Mr. Biddle said his farm had strictly followed the district’s coronavirus regulations, putting almost all the workers up in hotel rooms for two rounds of quarantine. He called Mr. Chaparro’s death an unfortunate reflection of the disease’s vagaries, not of systemic failures.

“Every regulation was followed that needed to be,” he said, standing in a parking lot behind his office. “At the end of the day, these gentlemen are living in close contact, they work in close contact, they are frontline workers providing food.”

He invited a New York Times reporter to speak to three of his employees, one of whom had worked for him for 32 years.

Two confirmed that Mr.
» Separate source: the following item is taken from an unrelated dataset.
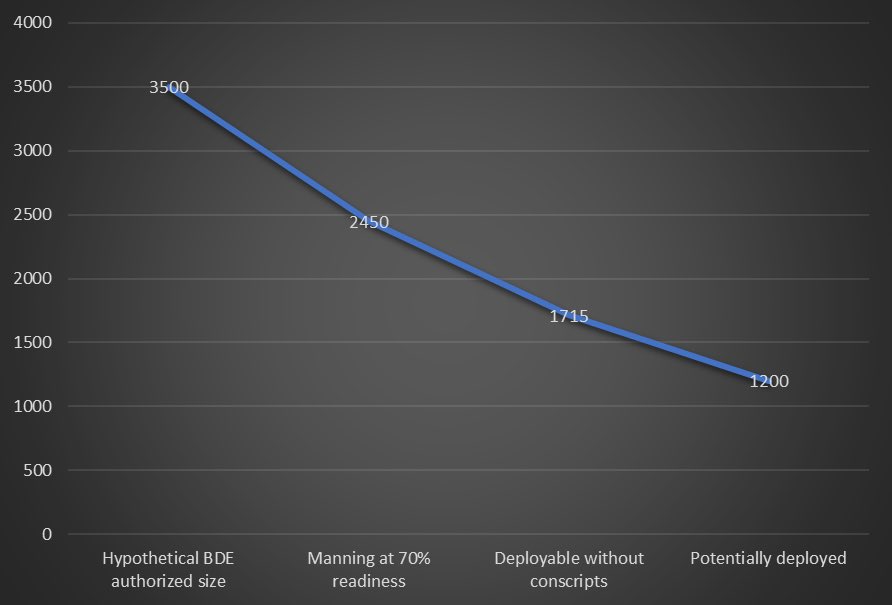 var bungas: Maikla Kofmana grafiks, kas ilustrē personāla iztrūkumu “iedomātā” RU meh.kājnieku brigādē. Tomēr. No vienas puses 70% komplektācija ar personālu miera laikā ir diezgan augsta latiņa ne-elitārajās vienībās, no otras puses OMD elements tiek sūtīts karot UA. Pēdējais krituma posms vispār nav skaidrs, pieņemsim, ka tie tie, kas paliek pastāvīgās dislokācijas vietā. Jebkurā gadījumā skaista ilustrācija tam, ka “brigāde”, “bataljons” vai “rota” ne vienmēr nekad nav tas, ko mēs iedomājamies vadoties no apstiprinātajām ekipējuma un bruņojuma tabulām.

Chaparro had lain sick in bed for a week. They said that four other workers in the bunkhouse had also had fevers and that one coughed so much, they thought he had pneumonia.

“All of us were 100 percent convinced it was just the change in climate,” said Daniel Hernandez Vargas, a roommate of Mr. Chaparro’s who was working at the farm this spring for the first time.

Workers in another bunkhouse, who were unsure where to turn when one of them became seriously ill, reached out to the assistant to an anthropology professor, whom they had met during a previous growing season. With the help of the two academics nearly 2,000 miles away, at Okanagan College in British Columbia, an ambulance was called.

“It had gotten to the point, one of their co-workers was so ill, he was slipping in and out of consciousness,” said the professor, Amy Cohen, who is an advocate for migrant workers.

Mr. Biddle said he believed a foreman had called the ambulance, but wasn’t sure of the details.

“If anyone showed any symptoms of being ill, they were always taken to the hospital,” he said.